(What you are asked to do):
Look through the listing below for the line with "Електросушарка для рушників" and the line with "Gratar carbune RAKI". Copy both, along with every line between them, exactly and with no pictures.
==== Provided material
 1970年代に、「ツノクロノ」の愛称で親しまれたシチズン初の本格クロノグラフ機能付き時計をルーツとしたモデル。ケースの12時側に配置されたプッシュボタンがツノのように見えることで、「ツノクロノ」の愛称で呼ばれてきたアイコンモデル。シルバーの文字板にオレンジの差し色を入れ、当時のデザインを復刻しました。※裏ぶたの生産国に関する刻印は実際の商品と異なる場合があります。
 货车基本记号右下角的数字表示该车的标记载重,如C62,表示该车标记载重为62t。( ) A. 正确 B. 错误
========
==== Provided material
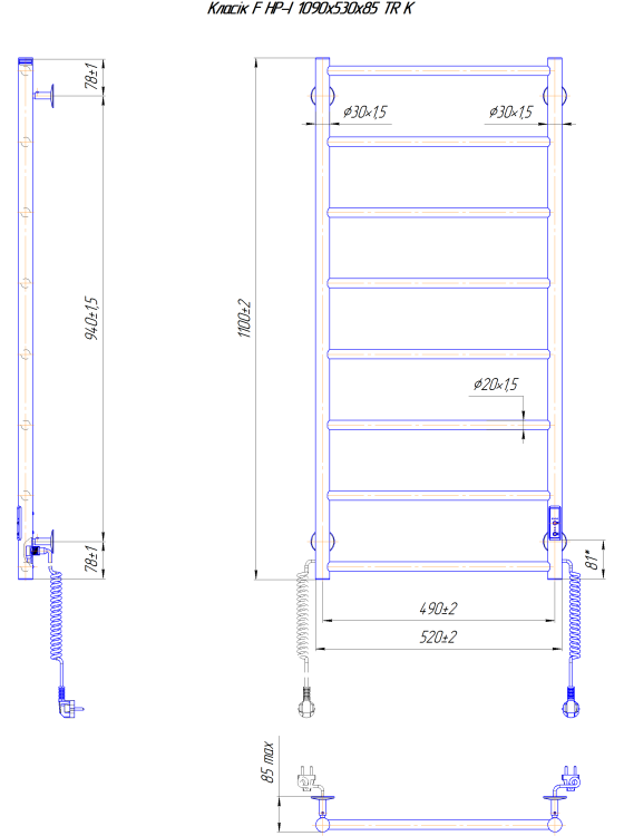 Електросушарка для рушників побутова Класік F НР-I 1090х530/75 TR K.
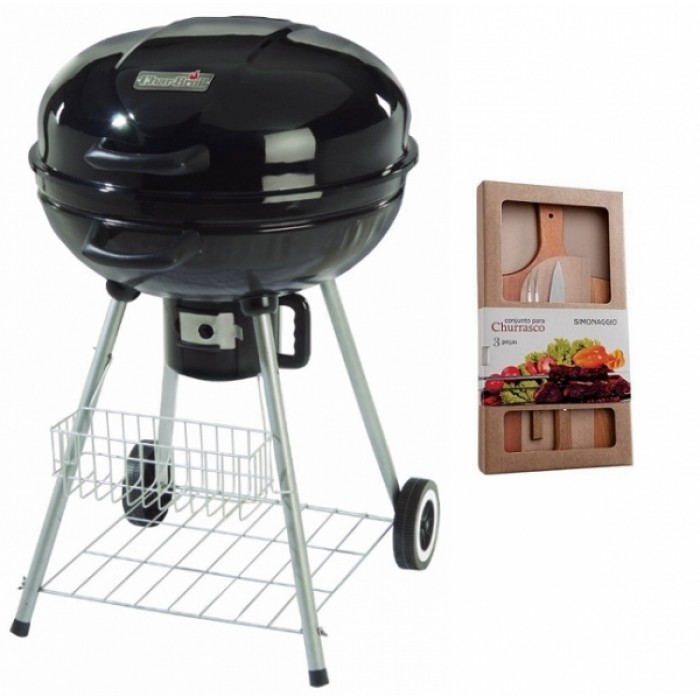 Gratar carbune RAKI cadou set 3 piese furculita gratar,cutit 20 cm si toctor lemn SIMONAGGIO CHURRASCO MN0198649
========
(Completed task):
 Електросушарка для рушників побутова Класік F НР-I 1090х530/75 TR K.
 Gratar carbune RAKI cadou set 3 piese furculita gratar,cutit 20 cm si toctor lemn SIMONAGGIO CHURRASCO MN0198649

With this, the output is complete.